Maka dengan ini teknik terapi Perilaku Rasional Emosi, dapat diterapkan pada warga jemaat yang mengalami gangguan kecemasan sosial untuk mengenal dan memahami peristiwa seperti apa yang memicu warga jemaat untuk panik, konsekuensinya dan keyakinan irasional apa yang sedang terjadi atau terpikirkan oleh individu. Dengan menggunakan model A-B-C warga gereja dapat tertolong untuk memiliki pemahaman yang baru dan tepat bahwa kecemasan itu adalah perasaan normal dan jika berlangsung lama itu bukan sikap teidak beriman atau tidak rajin berdoa, melain sinyal tubuh untuk berhenti sejenak dari kepanikan agar dapat memahami seutuhnya apa yang sedang terjadi.
Kesimpulan
Warga gereja pada umumnya memiliki kecemasan yang normal. Akan tetapi kecemasan tersebut berlansung secara terus menerus dapat dilihat sebagai sikap kurang beriman. Realitanya yang Amenjadi pemicu adanya gangguan kecemasan sosial pada warga gereja ialah, merendahkan diri sendiri, merasa kesulitan untuk mengahadapi masalah, panik, berpikir yang berlebihan, takut pada penilaian orang, berusaha menyenangkan orang lain. Bukan karena tidak berdoa, tidak rajin gereja, membaca kitab suci dan sejenisnya. Dengan gangguan kecemasan ini penulis mencoba memaparkan gejala, penyebab dan terapi untuk menolong warga gereja mengelola, memahami dan mengenal bahwa ini adalah perasaan/emosi yang mesti diurai secara bersama dengan konseling. Dalam konseling terapi REBT dapat diterapkan bagi warga gereja dengan pendekatan perilaku dan kognitif untuk kembali melihat masa lalu atau peristiwa apa yang memicu kecemasan, sadar konsekuensi, dan keyakinan irasionalnya. [*]

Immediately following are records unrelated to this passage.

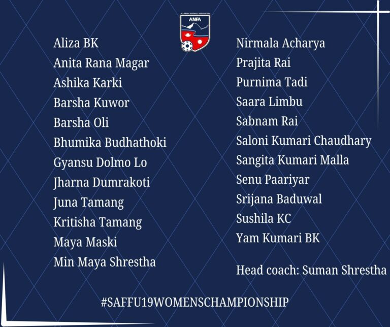 काठमाडौँ । अखिल नेपाल फुटबल सङ्घ (एन्फा)ले पोखरामा हुने साफ यू–१९ महिला च्याम्पियनसिपका लागि मंगवबार २३ सदस्यीय नेपाली  टोली घोषणा गरेको छ ।
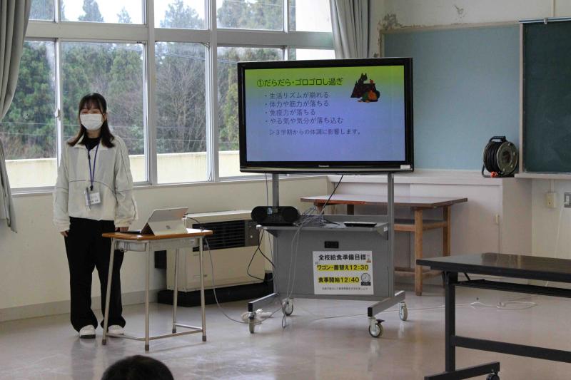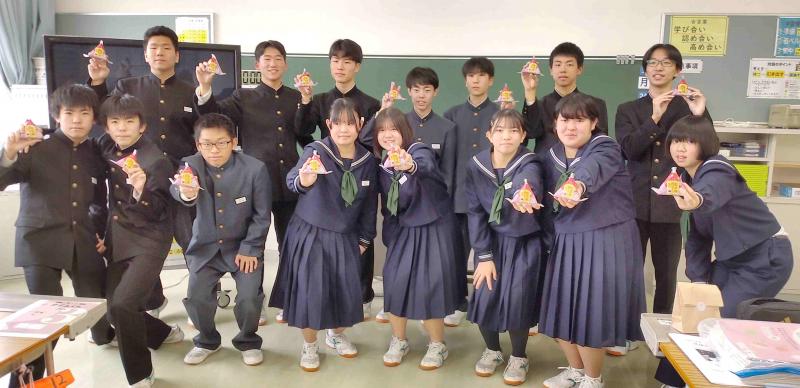 3年生は「のとかけ」の販売をきっかけに、北海道の標津高校の生徒の皆さんとオンラインで交流することができました。それぞれの学校から学習の取り組みを紹介し、地元産の食品を活用した製品作りについて聞きました。高校生の皆さんからの発表では、クイズが出され、それを解きながら楽しんで聞くことができたので、良かったです。また、標津高校では、海産物だけでなく酪農や農作物を活用したものなど、たくさんの製品開発に取り組まれていて中学生にとって、とても参考になることばかりでした。ありがとうございました!
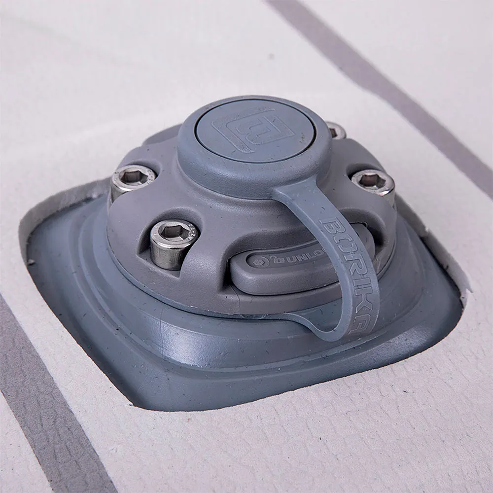 Turvallista sijoittamista varten saari on varustettu neljällä ruostumattomasta teräksestä valmistetulla D-renkaalla, joiden avulla voit ankkuroida sen tukevasti paikalleen, sitoa sen veneeseen tai yhdistää sen laituriin. Koko yläpinta on peitetty pehmeällä, mukavalla ja liukumattomalla kansipehmusteella, joka takaa erinomaisen pidon ja miellyttävän tunteen jalkojen alla, jopa märkänä. Täyttö ja tyhjennys ovat nopeita ja yksinkertaisia käyttämällä korkealaatuista Halkey Roberts -venttiiliä, joka on puhallettavien tuotteiden teollisuudessa tunnettu luotettavuudestaan. Huomaa, että tämä paketti on suunniteltu niille, joilla on jo yhteensopiva pumppu, koska sellaista ei sisälly toimitukseen. ---
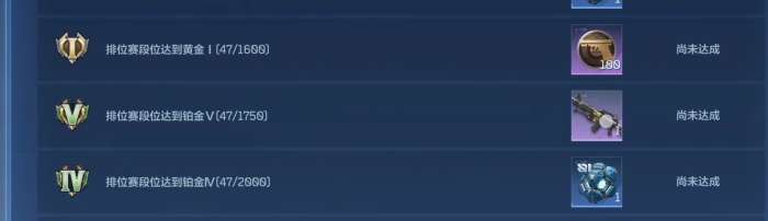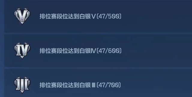 等升到白银段位以后,奖励就开始变得丰富一些了。白银同样有五个小段位需要去爬,全部打通关之后,总共能够收获一千六百五十GP点数,荣誉点还是保持在五十点这个数量。可以看出来,白银阶段给的GP点数,相比青铜要多出不少,这也算是对玩家实力提升的一种认可。
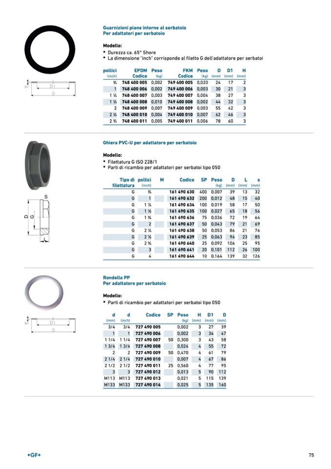 Parti di ricambio per adattatori per serbatoi tipo 050
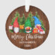 Moderno Escoteiro Feliz Natal. Gnomos de Cores de Água de Natal do Bebê com Presentes de Natal e Ornamento de Pinheiros. Adicionar Nome. Madeira russa do campo.
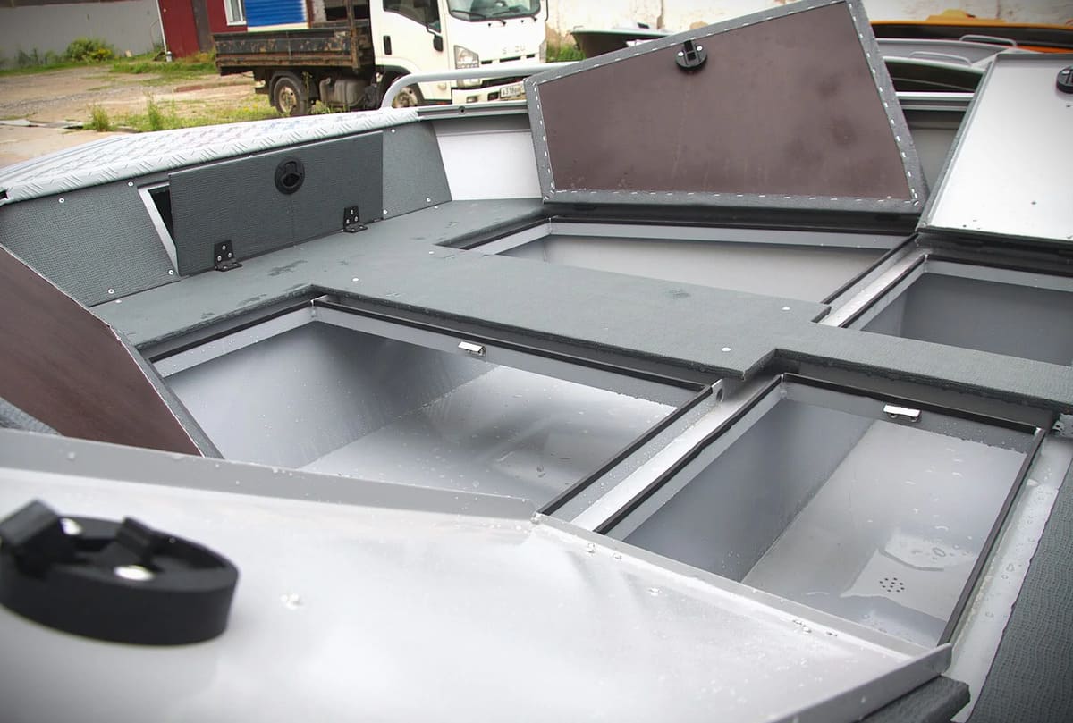 - Все рундуки - сухие, вентилируемые, с водоотводящим комингсом, оклеенные изнутри ковролином Syntec и винилом Marideck
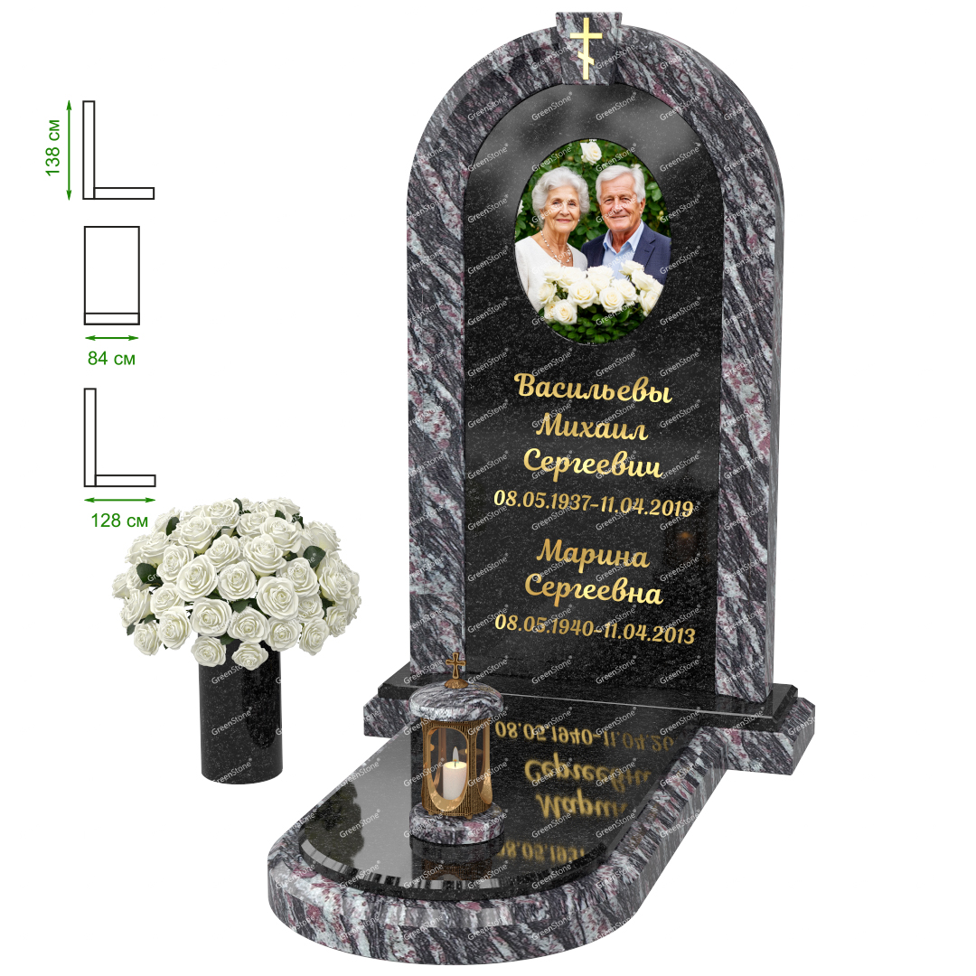 Визуально комплекс отличается от типовой формы не только формой, но и размерами. Массивная стела позволяет дизайнеру реализовать практически любые задумки и пожелания Заказчика, придать готовому изделию солидный вид, раскрыть все достоинства использованного в его изготовлении гранита. Такой габаритный памятник требует профессиональной доставки и установки. Все это также можно заказать в мастерской Грин-Стоун.
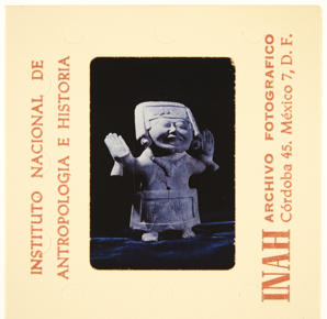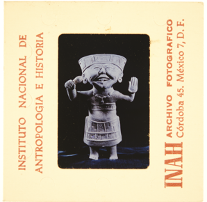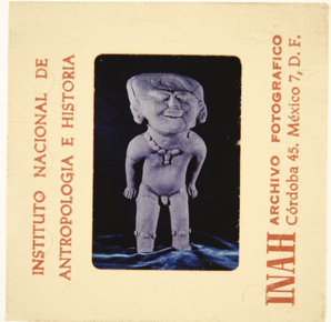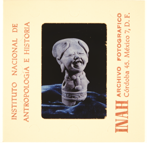 Documentary photograph of a ceramic smiling figure with the…

*) Orce Dapa Ambo, Mahasiswa Magister Psikologi Sains, Universitas Khatolik Soegijapranata, Semarang.
Daftar Pustaka
- Oktapiani,Nia.,Putri Amelia.,(2018). Gangguan Kecemasan Sosial dengan menggunakan Pendekatan Rasional emotif terapi. Journal Fokus, 1(6), 229-232.
- Febryana Fenti.,(2022). Analisis Studi Kasus Klien Dengan Gangguan Kecemasan (Anxiety Disorder). Journal Perspektif, 2(2), 150-153
- Siswanto.,dan Krisetya Mesach.(2023). Pastoral Konseling dan Kesehatan Mental. Yogayakarta: Penerbit buku dan Majalah Rohani, halm. 142-143
- Scazzero,Peter.,(2018), Emotionally Healty Sprituality, Surabaya: Literatur Perkantas Jawa Timur, hlm.34-36.
- Tutut Anjarsari,Tutut.,dkk.,(2022). Deteksi Dini Gangguan Kecemasan Menggunakan Metode Naïve Bayes. Journal Ilmiah Penelitian dan Pembelajaran Informatika, 7(4),1198.